Katy Grimes: Say goodbye to the incandescent light bulb, designed by Thomas Edison in 1879 and perfected by General Electric in 1906.

The Washington Post reported today, “The last major General Electric factory making ordinary incandescent light bulbs in the United States is closing this month marking a small, sad exit for a product and company that can trace their roots to Thomas Alva Edison’s innovations in the 1870s.”

A 2007 “energy conservation” measure passed by Congress set standards requiring a ban of the traditional incandescent light bulb, by 2014. The problem is that the new government standards are so high that the traditional incandescent bulbs won’t be allowed. Thank you Al Gore.

The law has already forced most Americans to switch to the annoying, buzzing, flickering and dim “more efficient” bulbs – made in China.

Politicians promised that moving to green technology would stem declining manufacturing industries, and many would be saved if only green tech was embraced. But as is the case with any government-forced and heavily subsidized industry, even the light bulb industry now uses China to manufacture the new U.S. government-approved light bulbs. GE originally thought it could make a quick buck on the news energy efficient bulbs, but eventually closed that division a few years ago.

A big problem with the new bulbs is disposal. Rarely do we hear about the hazmat disposal risks when one of the new energy efficient bulbs has to be changed or (gasp) breaks. How you dispose of them? We are repeatedly told not to just throw them away. Do we call in the hazmat crew? What if the cat or dog walks through the broken bulb and tracks mercury throughout the house?

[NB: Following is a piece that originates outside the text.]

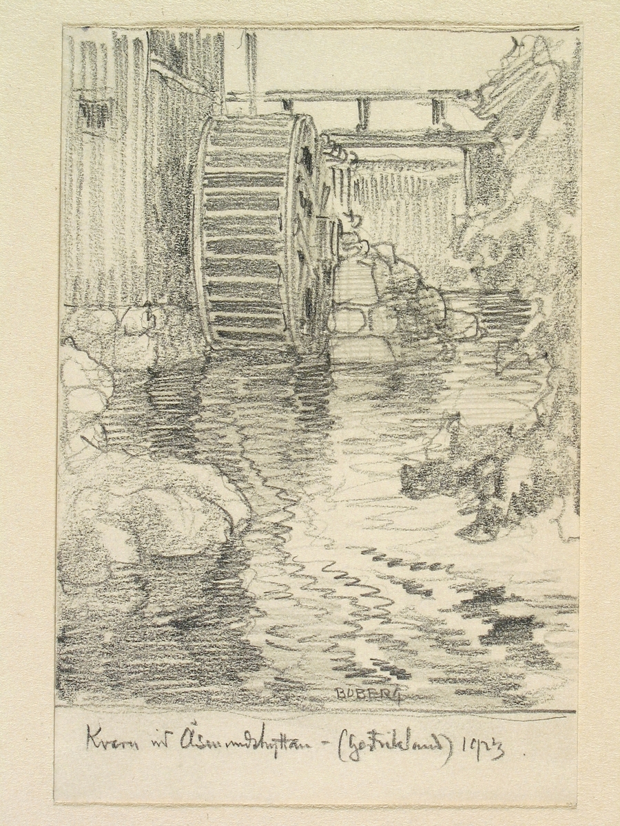 Gästrikland, Torsåkers sn. Kvarn vid Åsmundshyttan. Teckning av Ferdinand Boberg.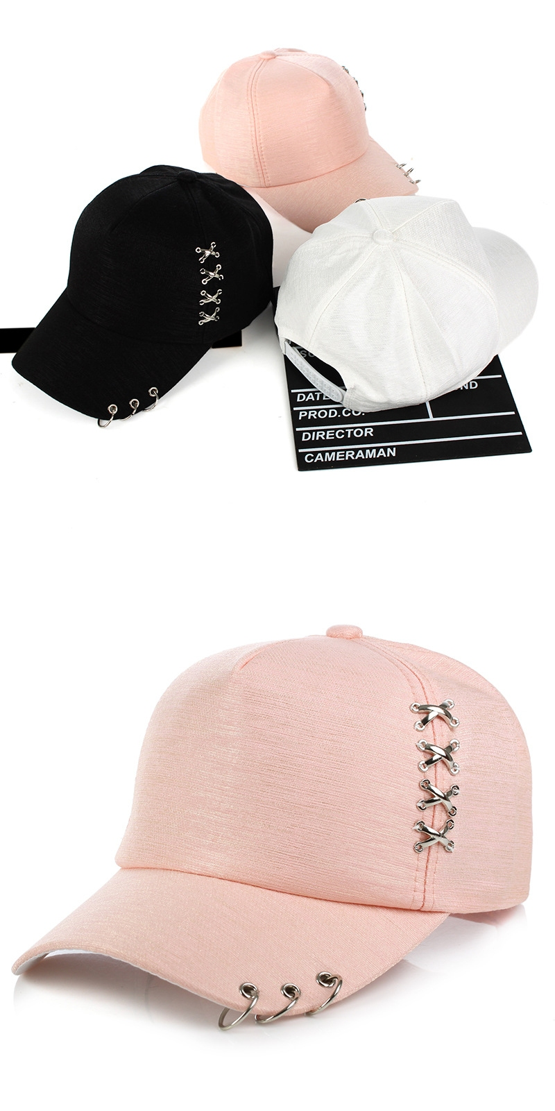 Кепка унисекс летняя однотонная с пирсингом и стальными крестиками - Аксессуары для одежды / СЮРПРАЙЗ

The only disposal answer I found was this from the EPA:

  • Have people and pets leave the room, and don’t let anyone walk through the breakage area on their way out.
  • Open a window and leave the room for 15 minutes or more.
  • Shut off the central forced-air heating/air conditioning system, if you have one.
  • Carefully scoop up glass pieces and powder using stiff paper or cardboard and place them in a glass jar with metal lid (such as a canning jar) or in a sealed plastic bag.
  • Use sticky tape, such as duct tape, to pick up any remaining small glass fragments and powder.
  • Wipe the area clean with damp paper towels or disposable wet wipes. Place towels in the glass jar or plastic bag.
  • Do not use a vacuum or broom to clean up the broken bulb on hard surfaces.
  • Wash your hands after disposing of the jars or plastic bags containing clean-up materials.

There are more instructions on the EPA website.

Nothing can replace the free market – not even an act of Congress. And now it’s lights out for the American light bulb — and the final 200 GE factory workers about to apply for unemployment.